Fill a large bowl with ice and water; set aside. Bring a medium pot of water to a boil. Add spinach; blanch until bright green, about 10 seconds. Transfer to ice bath. When spinach is cold, remove from ice bath, squeeze out all water, and finely chop; set aside.
Heat the olive oil in a medium sauté pan. Add onion, garlic, thyme, rosemary, and red-pepper flakes, and sauté until translucent, about 8 minutes. Remove from heat; transfer to a medium bowl.

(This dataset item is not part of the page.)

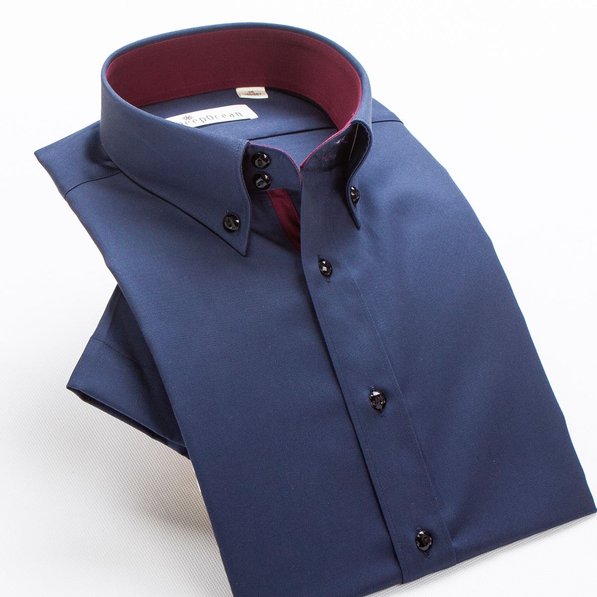 / 純藍色男式半袖襯衫商務絲光棉純棉修身型韓版男夏季短袖男裝襯衣

Add spinach, quinoa, cottage cheese, pepper, and eggs to the onion mixture, and stir until well combined. Pour the mixture into the prepared baking dish, and place in the oven. Bake until set and edges are brown, 60 to 70 minutes. Slice, and serve warm or at room temperature.

 
QUINOA CAKES
Ingredients
1 cup quinoa, rinsed and drained
2 cups water
1 1/2 tablespoons finely chopped red onion
1/2 teaspoon finely chopped garlic
2/3 cup grated carrots
2/3 cup seeded and grated yellow squash
1/2 (10-ounce) package frozen chopped spinach, thawed and squeezed dry
Zest of 1 large lemon
1/4 cup all-purpose flour
1 teaspoon baking powder
1 egg
1/2 teaspoon sea salt
1/2 teaspoon freshly ground black pepper
Cooking spray
1 1/2 tablespoons chopped fresh dill
1 1/2 cups plain nonfat yogurt
2 teaspoons lemon juice
Method
Bring quinoa and water to a boil in a medium pot. Reduce heat to medium low, cover and simmer until liquid is absorbed, 20 to 30 minutes. Set aside off of the heat for 5 minutes, then fluff with a fork and set aside to let cool.

Preheat oven to 400°F. In a large bowl, combine cooked quinoa with onion, garlic, carrots, squash, spinach, zest, flour, baking powder, egg, salt and pepper. Form mixture into eight (4- to 5-inch) patties and arrange on an oiled baking sheet. Bake, flipping halfway through, until lightly browned and just crisp, about 25 minutes.